Task requirements: Please transcribe only the lines between the one containing "파인 핸드코어드릴 KBE25S, 마그드릴, FEIN, 코아드릴" and the end of the records, both ends included, exactly as written; skip every picture.

▽

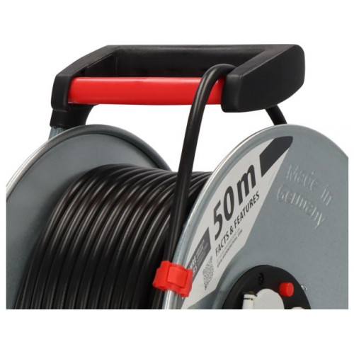 Катушка из нержавеющей оцинкованной стали на особо прочной раме. Защита от перегрева. Индикатор показывает перегрев или перегрузку. Эргономичная рукоятка и специальная ось для аккуратной намотки кабеля.
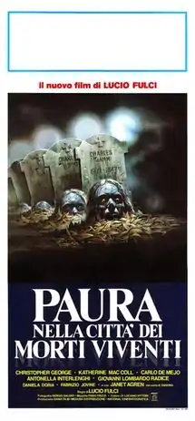 City of the Living Dead (Italian: Paura nella città dei morti viventi, lit.'Fear in the city of the living dead', also released as The Gates of Hell) is a 1980 Italian supernatural horror film co-written and directed by Lucio Fulci. It stars Christopher George, Catriona MacColl, Carlo de Mejo, Antonella Interlenghi, Giovanni Lombardo Radice, and Janet Agren. The film follows a priest whose suicide opens a gateway to hell that releases the undead. A psychic and a reporter team up to close it before All Saints' Day.
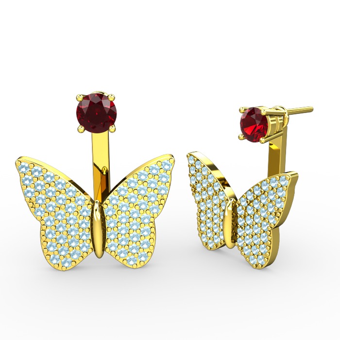 Garnet ve akuamarin 925 ayar altın kaplama gümüş küpe
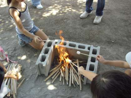 後半は、まきに火を付ける体験です。マッチを始めて使う児童が多くいましたが、どのグループも上手にまきに火を付けることができ、マシュマロを焼いて味わいました。みんなとても満足した様子でした。 -
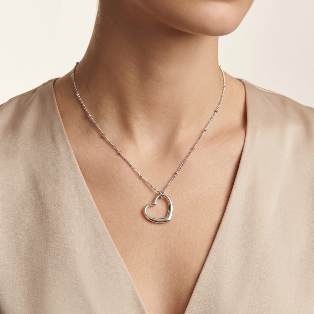 Deze zilveren ketting met open hart hanger is een echte eyecatcher! Geen massaproductie, maar een uniek sieraad dat met zorg met de hand in Nederland wordt gemaakt. Het open hart geeft een zachte, romantische uitstraling en maakt jouw look helemaal af. Mix & match met andere items uit onze nieuwe collectie. De ketting is gemaakt van stainless steel, dus is waterproof en verkleurt niet!
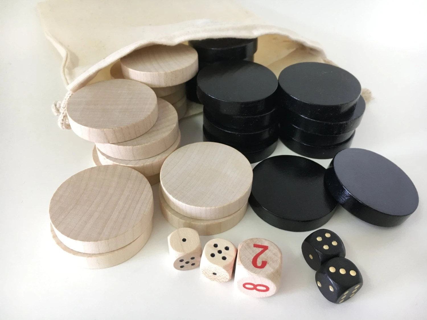 Pions de backgammon en bois.
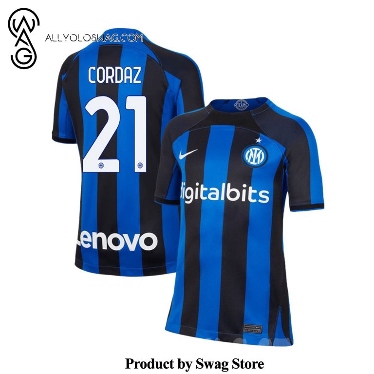 Some details about our product [Top-selling] Alex Cordaz 21 Inter Milan 2022-23 Home 3D Unisex Jersey – Youth Black Blue
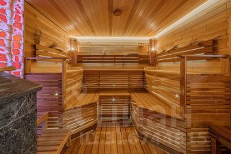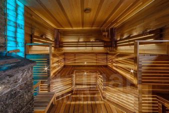На территории участка расположен гостевой дом с банным комплексом площадью 190 кв.м., полностью готовый к проживанию. Баня 12 кв.м. выполнена из канадского кедра с оборудованием Gefest. Планировка гостевого дома включает в себя просторный зал с кухней со вторым светом, две спальни и спа-зону с бассейном.
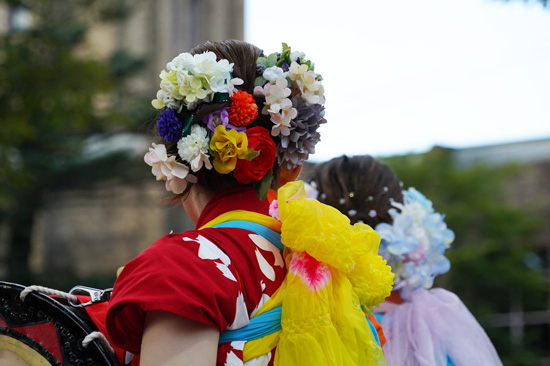 Le défilé prend place dans la grande rue Chuou au niveau du bâtiment public de la préfecture d’Iwate, à 18h pétante (pensez à venir plus tôt pour avoir une bonne place !). C’est alors parti pour 3 heures de défilé non-stop où se succèdent des milliers de chanteurs, danseurs et musiciens.
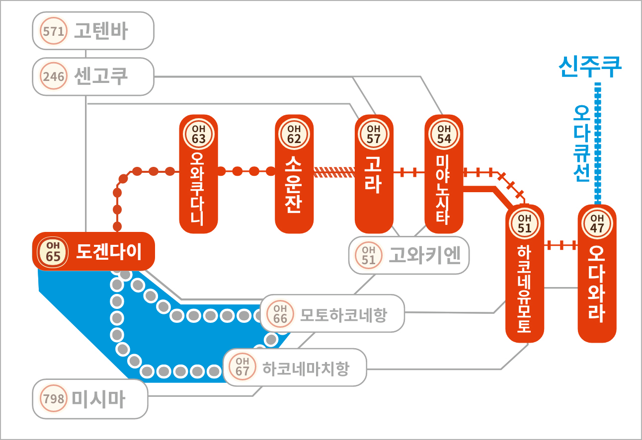 ※오와쿠다니역~도겐다이역 구간 이용 시 별도 요금이 필요합니다.
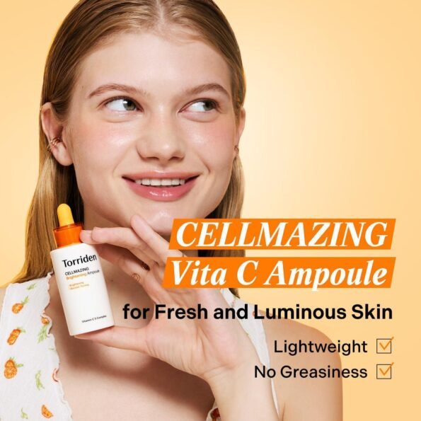 Torriden Cellmazing VITA C Brightening Ampoule 30ml is a powerful brightening serum designed to revive dull skin, improve radiance, and even out skin tone. Formulated with a stable and gentle form of Vitamin C, this ampoule boosts clarity while minimizing dark spots, pigmentation, and early signs of aging.
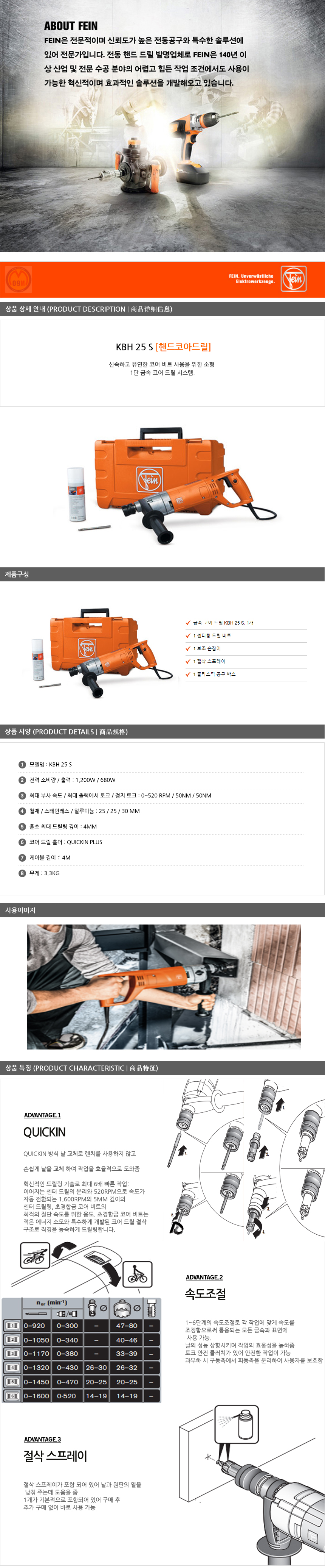 파인 핸드코어드릴 KBE25S, 마그드릴, FEIN, 코아드릴 , 천공작업, 핸드드릴
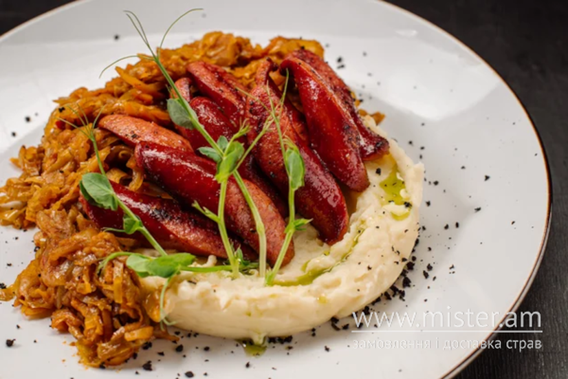 Тушкована капуста з копченими ковбасками та картопляним пюре

△

Result for this task:
 파인 핸드코어드릴 KBE25S, 마그드릴, FEIN, 코아드릴 , 천공작업, 핸드드릴
 Тушкована капуста з копченими ковбасками та картопляним пюре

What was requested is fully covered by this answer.